Lucy Robertson of Buttermilk adds:
“The key question isn’t ‘how do we appear in AI?’ It’s ‘why would AI recommend us at all?’ Holistic thinking about narrative, authority, and cultural presence sets brands apart. Everything else is noise.”
Key takeaways
OpenAI is definitely changing its stance on advertising as financial pressure and competition intensify. The company is now seeing ads as a way to expand access to ChatGPT while keeping premium experiences clean, but this move raises real questions about trust, privacy, and long-term user experience.
Key things to remember:
- ChatGPT is adding ads to Free and $8 Go plans (U.S. adults first); paid tiers stay ad-free.
- Ads appear below answers, are clearly labeled, and avoid health, mental health, politics, and minors.
- The move is driven by huge losses, high compute costs, and rising competition (especially Google Gemini).
- Google holds major advantages: cheaper in-house chips and built-in distribution.
- OpenAI promises no selling chat data and strict separation between answers and ads but trust is the key risk.
- Ads plus instant checkout could turn ChatGPT into a commerce and recommendation engine.
- For marketers, credibility and consistent brand narrative now matter more than traditional SEO tactics.
FAQ
1. Why is OpenAI adding ads to ChatGPT?
To offset high costs, reduce losses, and compete with Google while expanding access.
2. Where will ads appear in ChatGPT?
Below ChatGPT answers, only when relevant and clearly labeled.
3.Who will see ads?
Free users and $8/month ChatGPT Go users (U.S., 18+). Paid tiers stay ad-free.

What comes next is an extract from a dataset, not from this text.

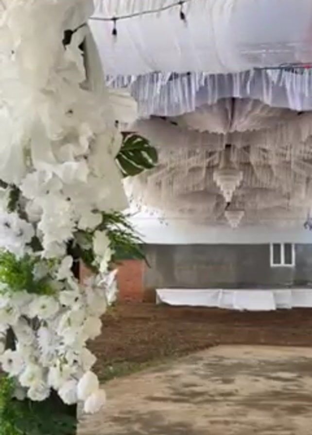 n outdoor event space. The camera is positioned under a tent structure decorated with white fabric. White floral arrangements with greenery decorate the tent supports. The ceiling of the tent is layered with white fabric and fringe, with chandeliers hanging at intervals. Outside the tent, there is a patch of dirt and a grey building with a small window. Children's voices can be heard in the background, and a child runs into the frame briefly in the background.

4. Will ads affect ChatGPT’s answers?
OpenAI says no ads are kept separate from responses.
5. Will OpenAI sell chat data to advertisers?
No. User data and chat history won’t be sold.
6. Are ads shown in sensitive topics?
No ads in health, mental health, politics, or for minors.
7. What kinds of ads will appear?
Helpful product or travel recommendations tied to the conversation.
8. What does this mean for marketers?
Trust, authority, and consistent brand messaging matter more than SEO tricks.